For a person who has no experience with the anatomy of a dog’s foot, it is better to let them handle this for the first few times until you get the hang of it.

Grinding dog nails can be quite a challenge for an amateur, and it will take some time to figure out if you are doing this right.

It’s best to start with the slowest grind setting and gradually work your way up if you aren’t satisfied until your dog’s nails are a length that suits you.

How can I make puppy nails less sharp?

Having a playful puppy with sharp nails can be challenging to deal with. In most cases, this is because puppies tend to chew on their paws.
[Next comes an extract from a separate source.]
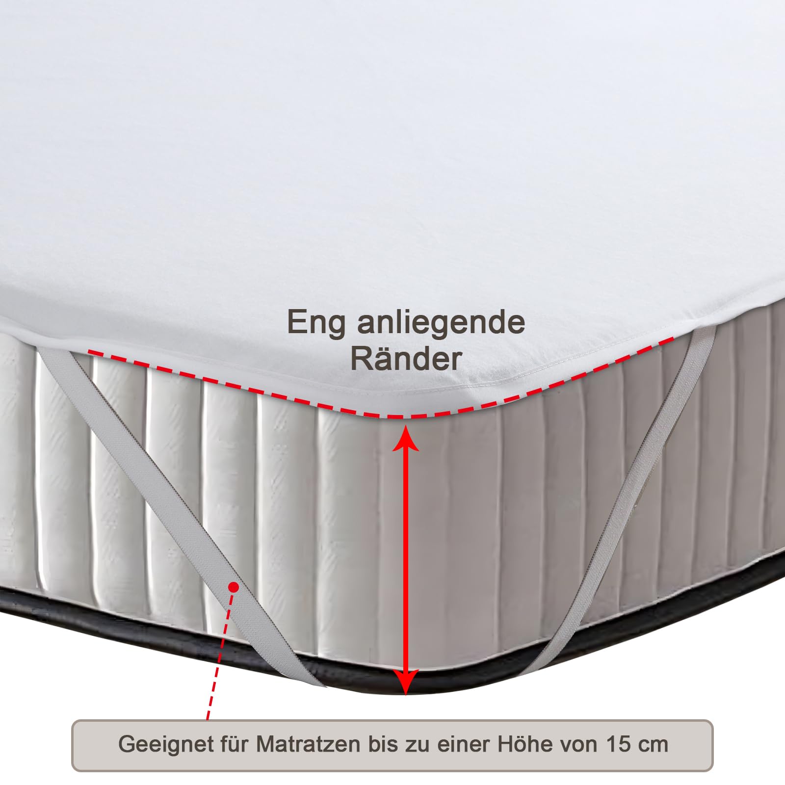 Die 4 Eckgummis halten den Schoner sicher auf Matratzen bis 30cm Dicke fest - er verrutscht nicht und bleibt immer an der richtigen Stelle. Und bei 60°C waschbar wird er auch nach mehrmaligem Waschen wieder hygienisch sauber.

The subsequent nail growth results in a sharpened end. To deal with this, remember that you need to trim your dog’s nails every two to three weeks.

If your puppy isn’t used to having its paws handled, then a good first step is to get the dog used to this process by gently rubbing its paws and surrounding tissue.

The sooner you start handling their paws, the easier it will be in the future with grown dogs.

What breeds are more likely to have sharp nails?

The Pug and the Pekingese are two breeds with naturally sharp nails.

Because nail sharpness is directly correlated to digging activity, breeds prone to digging can also be included.

These would include Jack Russell Terriers, Siberian Huskies, Dachshunds, etc.

Can dog nails be filed?

Yes, a dog’s nails can be filed.

Although you want to be careful not to file too far up on the nail, it is also a good idea to file all of your dog’s nails so that they are even and as symmetrical as possible.

This way, they will wear down more evenly when running on smooth surfaces.

What are the dangers of cutting dog nails too short?

Cutting a dog’s nails too short can cause injury to them in the following ways:

A dog’s nail may be cut too short, which can lead to bleeding.

A dog’s nails will rarely cause discomfort or pain if they are a normal length and have not been filed down, but cutting them too short on purpose could cause enough of space for an injury to happen. 

Some dogs get infections very quickly, and cutting a nail too short could increase the risk of getting an infection.

Cutting nails too short is especially risky for dogs with white or light-colored claws, as it would be more evident if this were done incorrectly. 

The pain may cause the dog to react negatively to you, such as biting out of fear (if they are generally not aggressive). 

If the dog has a thick coat of fur where the fur is brushed on top of its paws, then it can be tough to see exactly how short you are cutting your dog’s nails.

This could lead to them being cut too short, without you noticing until much later.

A professional groomer will have experience cutting a dog’s nails and know how to do it safely without causing injury.

Closing thoughts

When it comes to dealing with your dog’s nails, be sure to consider the following things:

Professional groomers have years of experience cutting dogs’ nails and will know how to do it correctly.

When you first try doing it yourself, make sure that you have watched a professional and learned the proper techniques from them.

Then, start off slowly until you get the hang of it.